* _Task details_: The listing below should be printed in full and exactly, apart from its images.

======== Recorded information

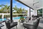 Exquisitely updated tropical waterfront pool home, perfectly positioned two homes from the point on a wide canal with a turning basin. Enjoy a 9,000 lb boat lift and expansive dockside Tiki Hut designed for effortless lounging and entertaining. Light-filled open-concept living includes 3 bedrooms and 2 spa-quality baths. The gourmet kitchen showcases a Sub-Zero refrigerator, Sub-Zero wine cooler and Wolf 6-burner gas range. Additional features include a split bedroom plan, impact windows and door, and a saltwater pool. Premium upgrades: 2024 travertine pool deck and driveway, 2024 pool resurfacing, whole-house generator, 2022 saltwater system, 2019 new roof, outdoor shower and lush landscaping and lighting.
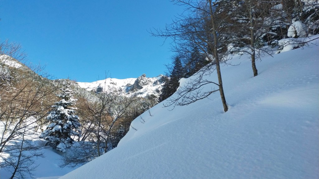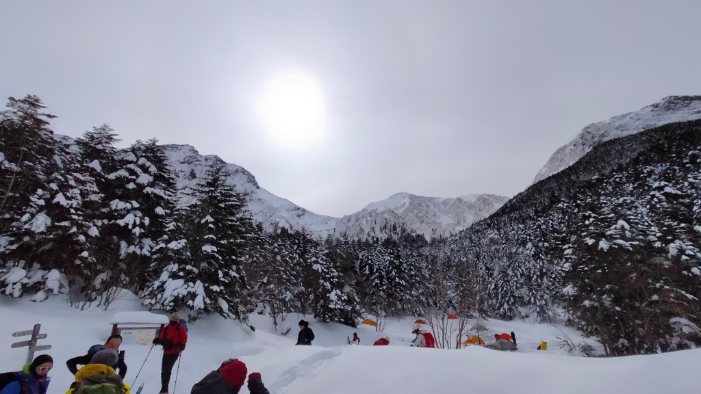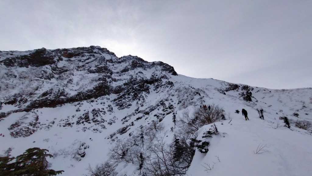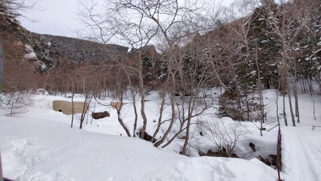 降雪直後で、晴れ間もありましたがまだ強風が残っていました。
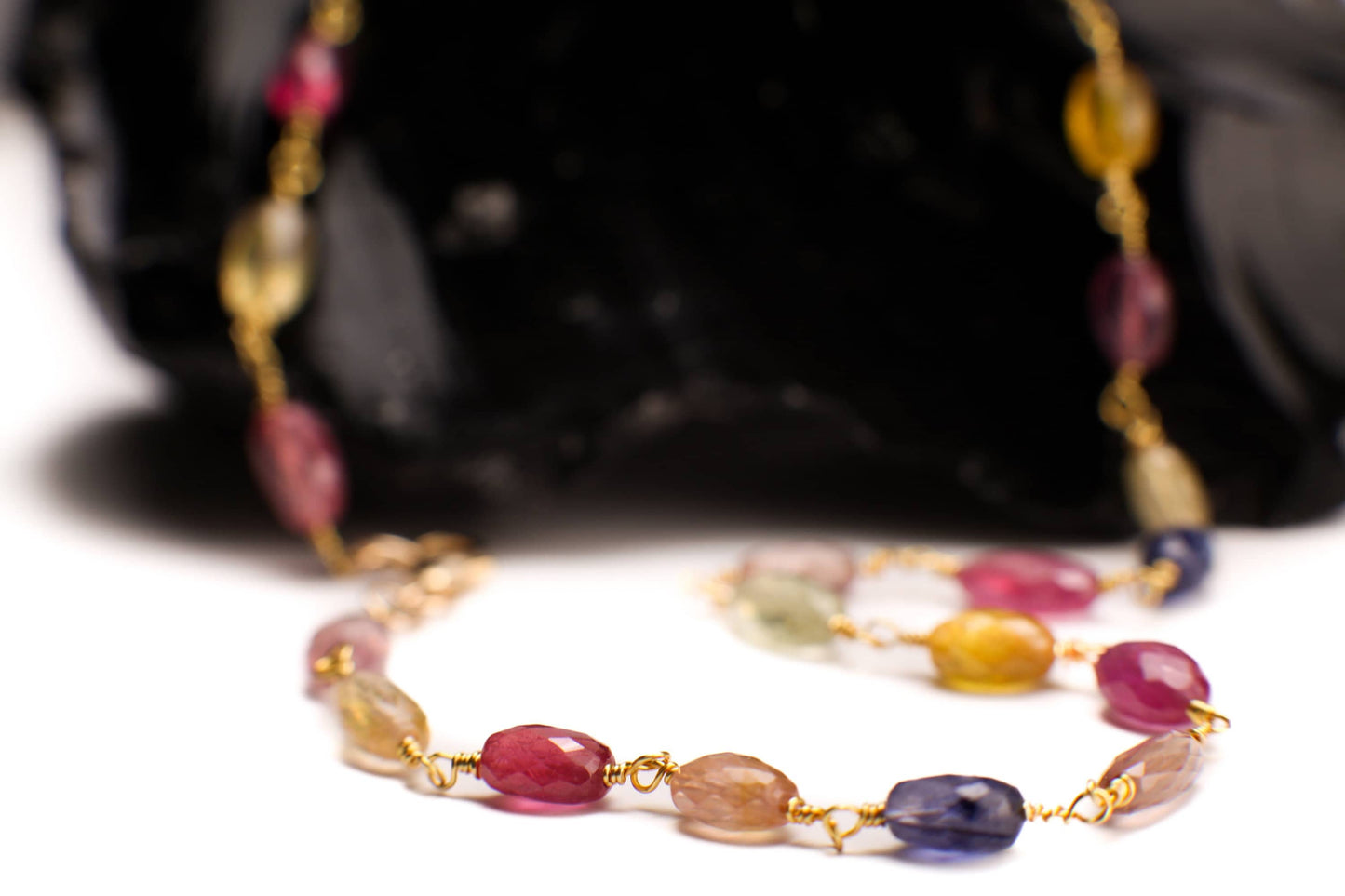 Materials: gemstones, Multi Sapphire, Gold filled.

================

* _Response to this task_:
 Exquisitely updated tropical waterfront pool home, perfectly positioned two homes from the point on a wide canal with a turning basin. Enjoy a 9,000 lb boat lift and expansive dockside Tiki Hut designed for effortless lounging and entertaining. Light-filled open-concept living includes 3 bedrooms and 2 spa-quality baths. The gourmet kitchen showcases a Sub-Zero refrigerator, Sub-Zero wine cooler and Wolf 6-burner gas range. Additional features include a split bedroom plan, impact windows and door, and a saltwater pool. Premium upgrades: 2024 travertine pool deck and driveway, 2024 pool resurfacing, whole-house generator, 2022 saltwater system, 2019 new roof, outdoor shower and lush landscaping and lighting.
 降雪直後で、晴れ間もありましたがまだ強風が残っていました。
 Materials: gemstones, Multi Sapphire, Gold filled.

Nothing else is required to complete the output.